Description of the task —
Write out the listing below in full and exactly, leaving out every picture.

Data below —
══════════

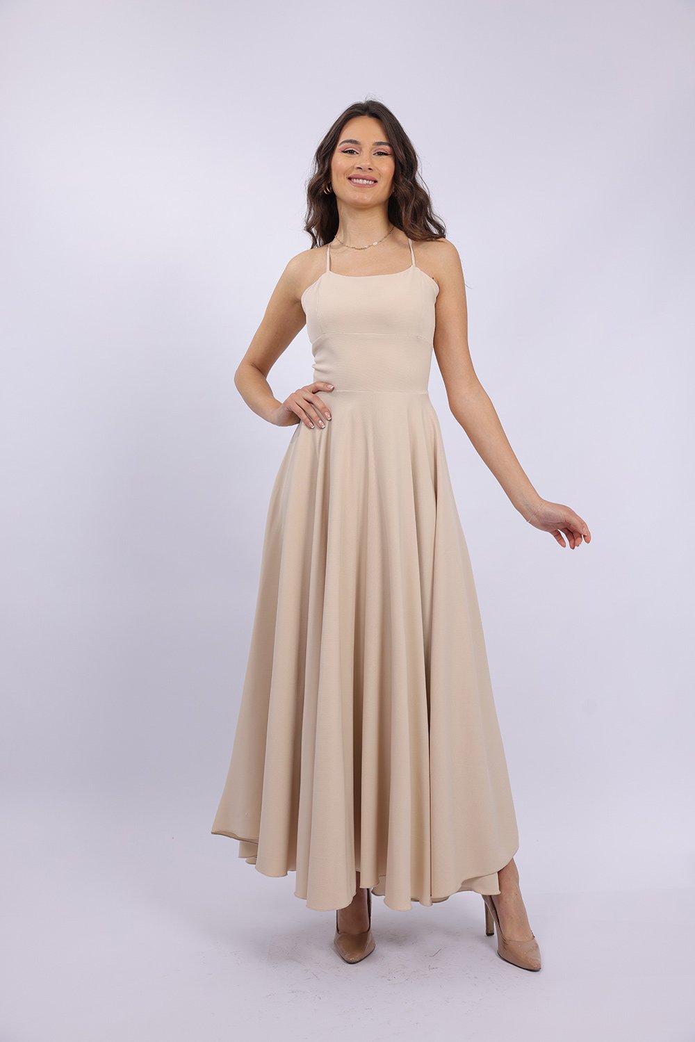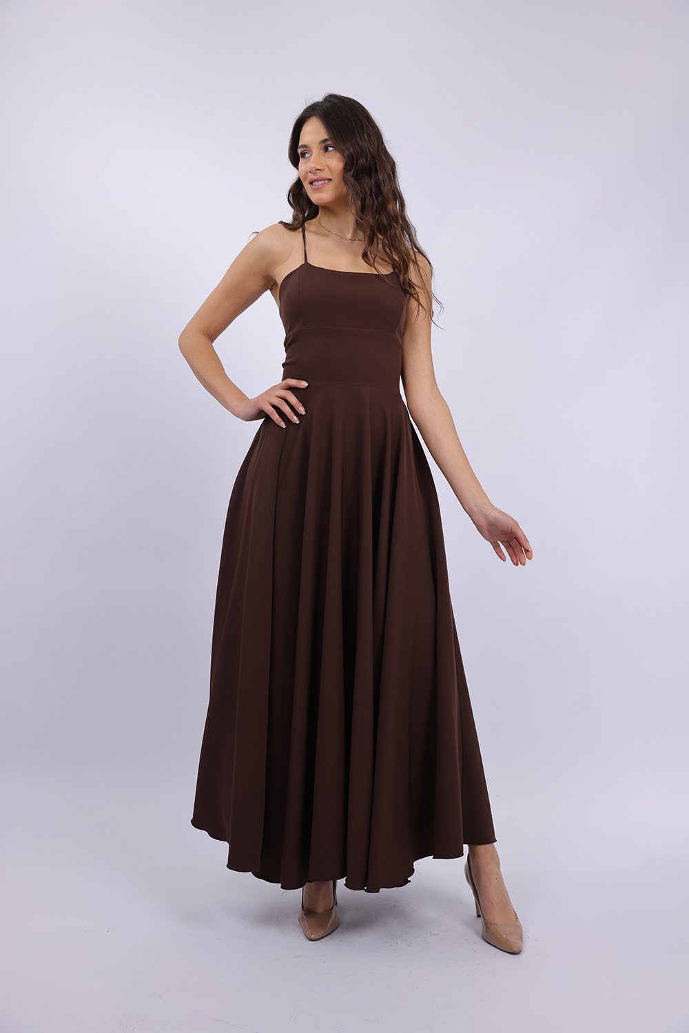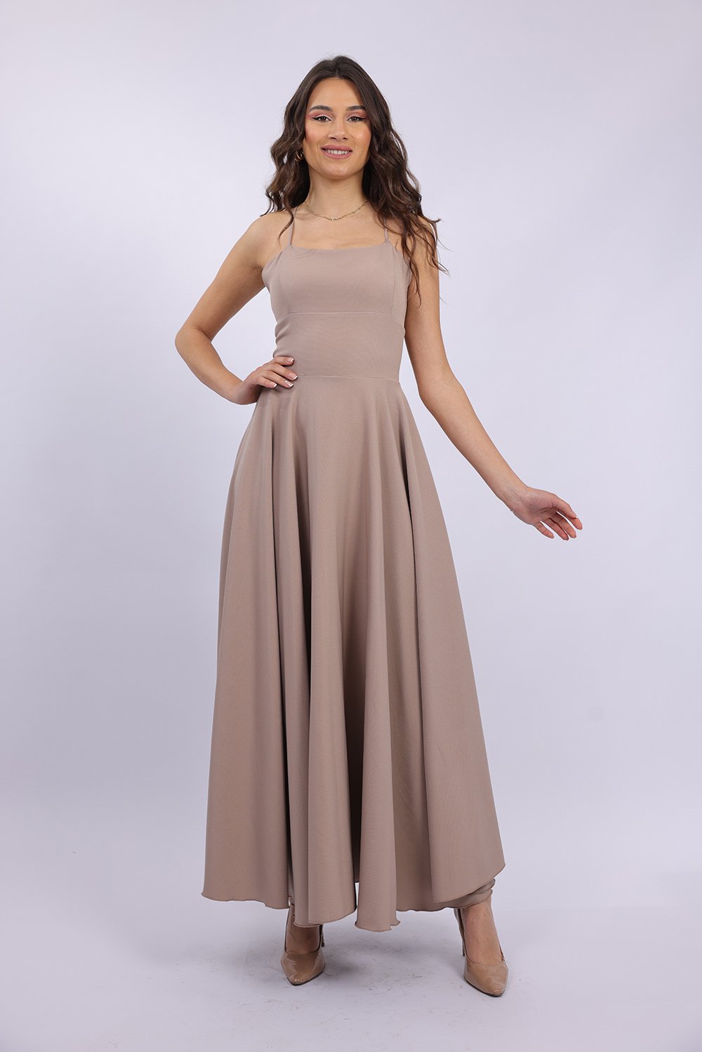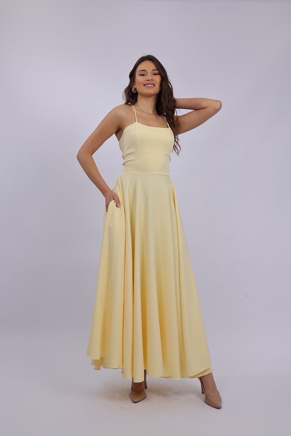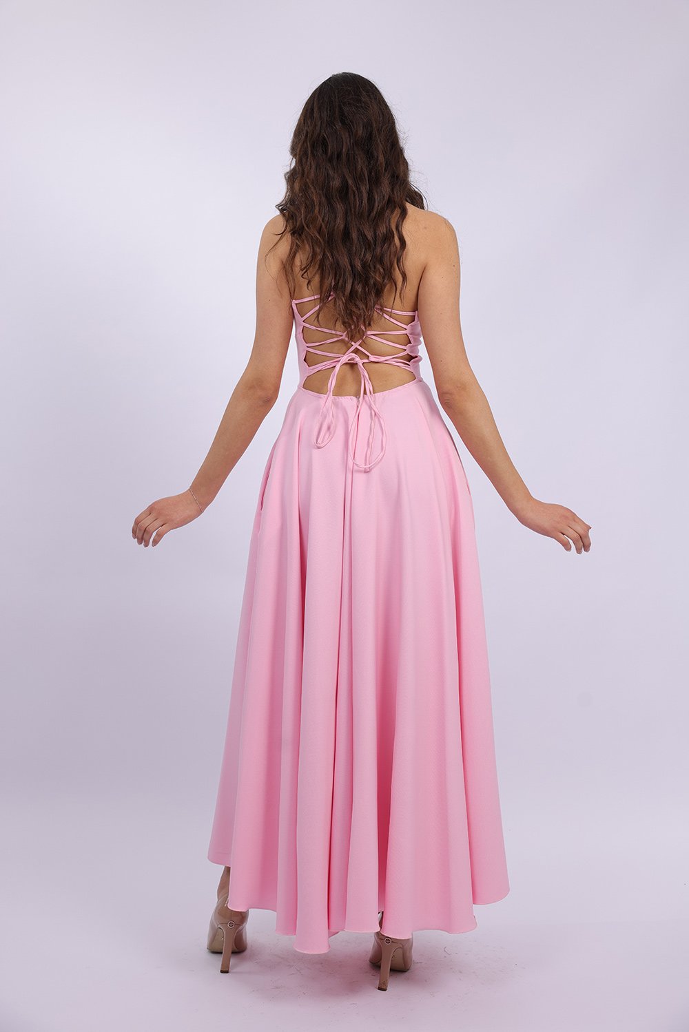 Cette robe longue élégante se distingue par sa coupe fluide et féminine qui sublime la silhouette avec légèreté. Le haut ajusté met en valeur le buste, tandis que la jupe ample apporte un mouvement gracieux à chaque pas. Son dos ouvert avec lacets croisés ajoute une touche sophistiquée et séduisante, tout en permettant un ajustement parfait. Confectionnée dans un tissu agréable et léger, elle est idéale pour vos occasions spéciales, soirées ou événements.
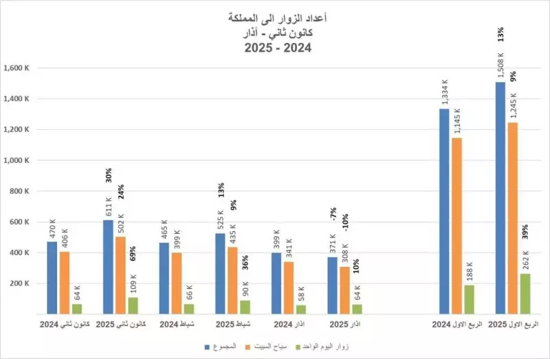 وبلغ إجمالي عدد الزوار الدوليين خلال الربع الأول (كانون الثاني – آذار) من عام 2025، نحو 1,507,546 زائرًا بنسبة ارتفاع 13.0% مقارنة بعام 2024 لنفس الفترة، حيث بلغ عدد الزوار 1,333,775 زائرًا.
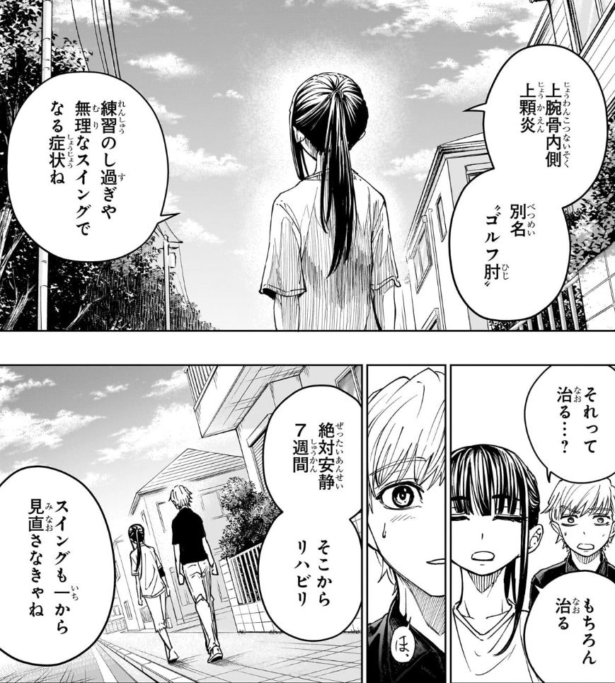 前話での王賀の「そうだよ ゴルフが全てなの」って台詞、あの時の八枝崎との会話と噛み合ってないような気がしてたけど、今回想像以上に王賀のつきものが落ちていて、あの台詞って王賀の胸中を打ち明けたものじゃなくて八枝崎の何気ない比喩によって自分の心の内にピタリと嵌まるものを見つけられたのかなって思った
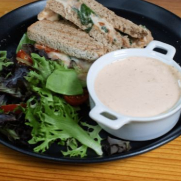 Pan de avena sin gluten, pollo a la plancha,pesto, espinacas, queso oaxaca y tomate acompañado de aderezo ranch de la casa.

══════════

Solution for this problem —
 Cette robe longue élégante se distingue par sa coupe fluide et féminine qui sublime la silhouette avec légèreté. Le haut ajusté met en valeur le buste, tandis que la jupe ample apporte un mouvement gracieux à chaque pas. Son dos ouvert avec lacets croisés ajoute une touche sophistiquée et séduisante, tout en permettant un ajustement parfait. Confectionnée dans un tissu agréable et léger, elle est idéale pour vos occasions spéciales, soirées ou événements.
 وبلغ إجمالي عدد الزوار الدوليين خلال الربع الأول (كانون الثاني – آذار) من عام 2025، نحو 1,507,546 زائرًا بنسبة ارتفاع 13.0% مقارنة بعام 2024 لنفس الفترة، حيث بلغ عدد الزوار 1,333,775 زائرًا.
 前話での王賀の「そうだよ ゴルフが全てなの」って台詞、あの時の八枝崎との会話と噛み合ってないような気がしてたけど、今回想像以上に王賀のつきものが落ちていて、あの台詞って王賀の胸中を打ち明けたものじゃなくて八枝崎の何気ない比喩によって自分の心の内にピタリと嵌まるものを見つけられたのかなって思った
 Pan de avena sin gluten, pollo a la plancha,pesto, espinacas, queso oaxaca y tomate acompañado de aderezo ranch de la casa.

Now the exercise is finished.